For British Egg Week (8-14 October 2018)
- 3 tbsp extra-virgin olive oil
- 1 large onion halved and thinly sliced
- 1 large red bell pepper seeded and thinly sliced
- 3 garlic cloves thinly sliced
- 1 tsp ground cumin
- 1 tsp sweet paprika
- ⅛ tsp cayenne, or to taste
- 400g tin whole plum tomatoes with juices, coarsely chopped
- ¾ tsp salt, more as needed
- ¼ tsp black pepper, more as needed
- 125g feta cheese, crumbled
- 6 large eggs
- Chopped coriander to garnish
- Heat oven to 375 degrees.
- Heat oil in a large frying pan over medium-low heat.
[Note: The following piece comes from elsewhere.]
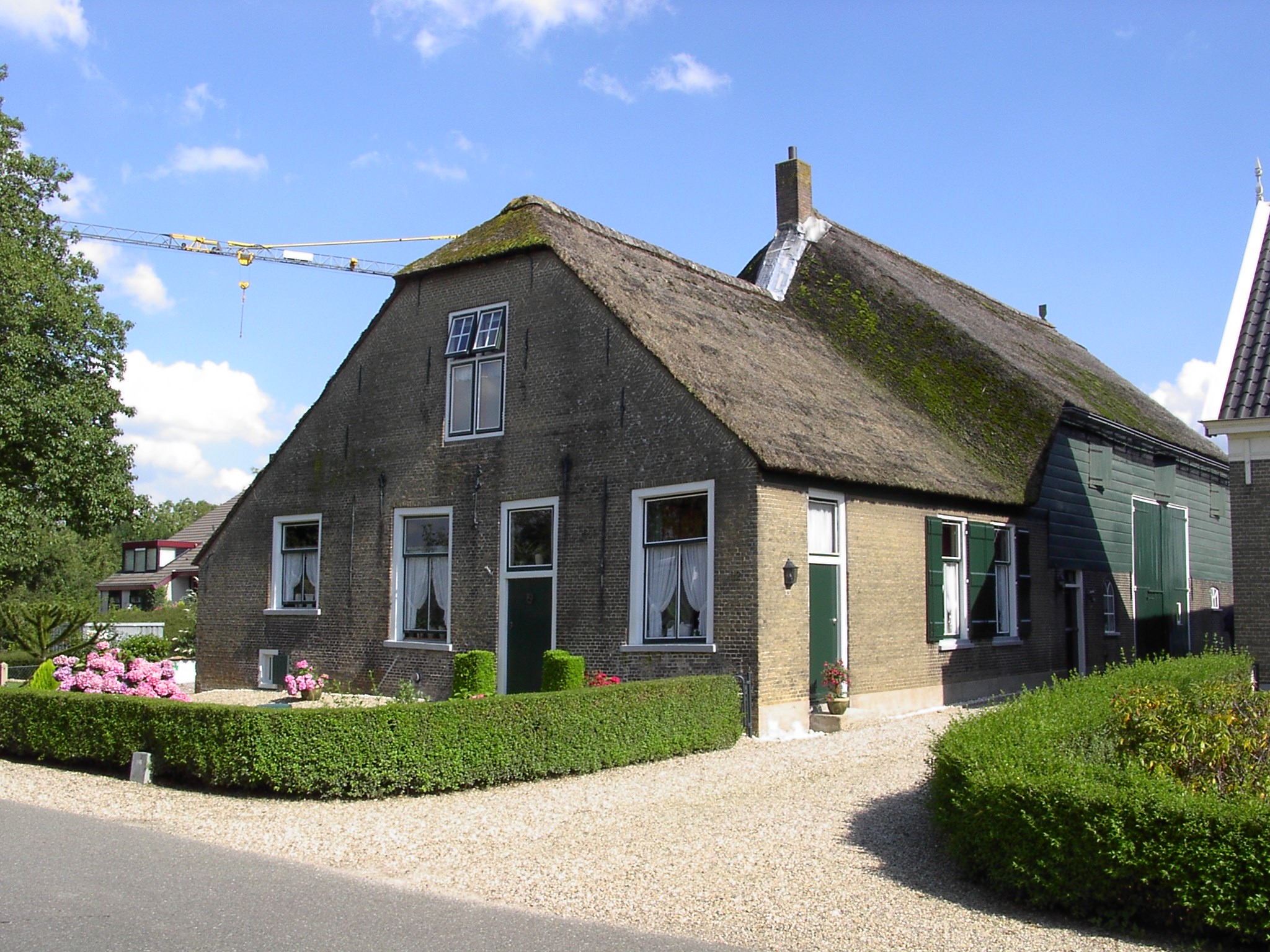 huidige versie11 apr 2012 14:48Miniatuurafbeelding voor de versie van 11 apr 2012 om 14:482.048 × 1.536 (798 kB)Beheerder (overleg | bijdragen)Als het dak van de stal hoger is dan het dak van het woonhuis, is er een glooiende overgang tussen beide nokken. Boerderij te Groot-Ammers (ZH) (Bron: Fotoarchief Bureau Helsdingen, Vianen)
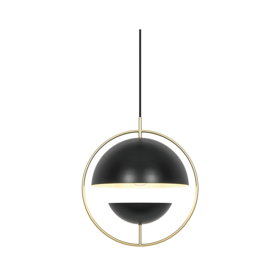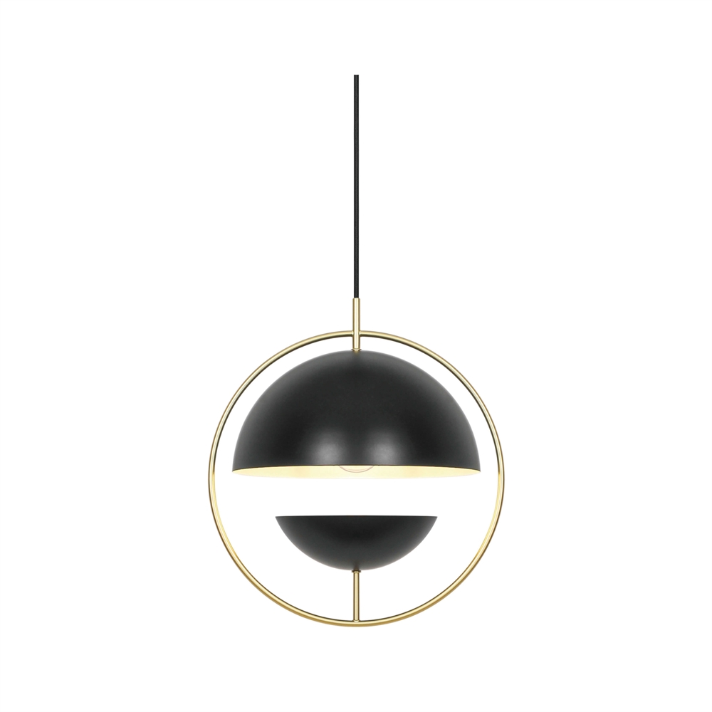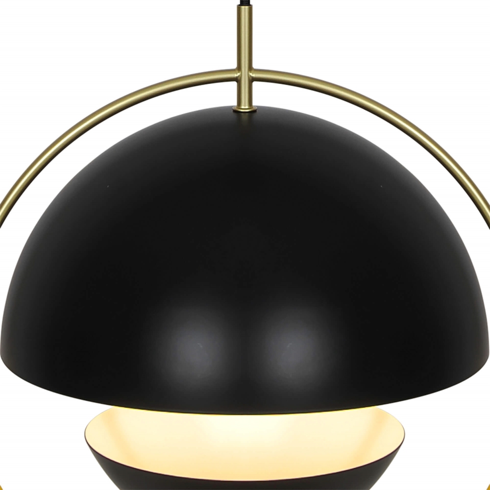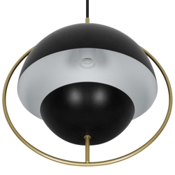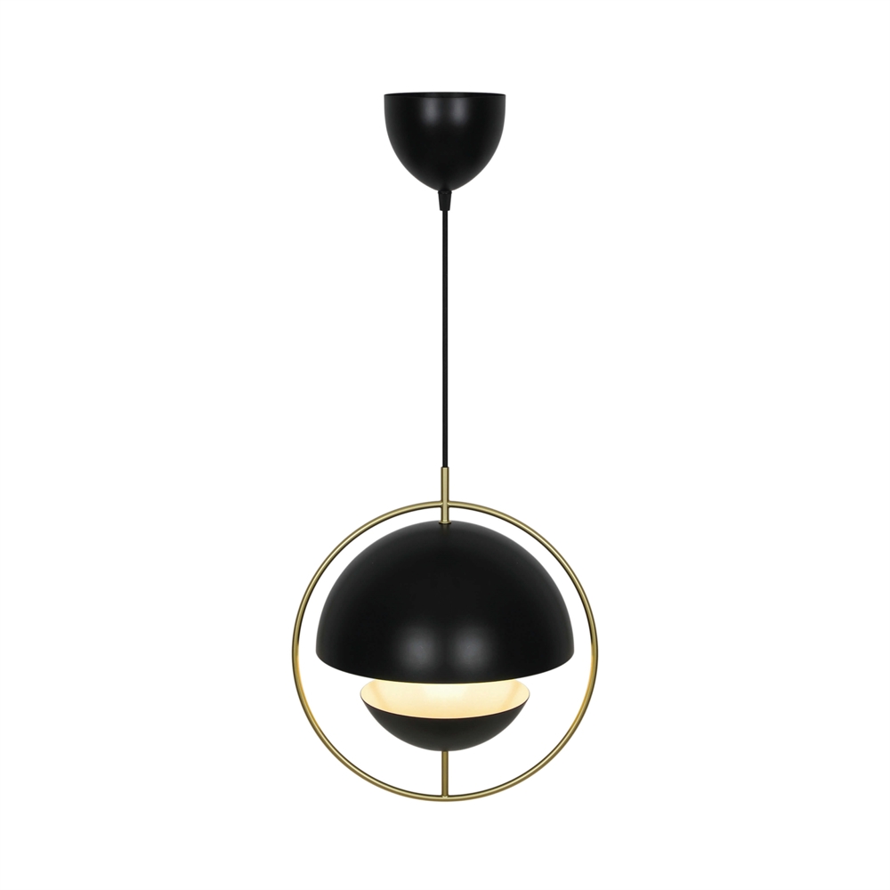 Tavia er en dekorativ pendel med et minimalistisk design og glamourøst udtryk. De to halvrunde matte skærme i sort er omkranset af en elegant ring i skinnende messing og sikrer et behageligt lys.

Add onion and bell pepper. Cook gently until very soft, about 20 minutes. Add garlic and cook until tender, 1 to 2 minutes; stir in cumin, paprika and cayenne, and cook 1 minute. Pour in tomatoes and season with 3/4 teaspoon salt and 1/4 teaspoon pepper; simmer until tomatoes have thickened, about 10 minutes. Stir in crumbled feta.
- Gently crack eggs over tomatoes. Season with salt and pepper. Transfer the frying pan to oven and bake until eggs are just set, 7 to 10 minutes.
- Sprinkle with chopped coriander and serve with warmed pita bread.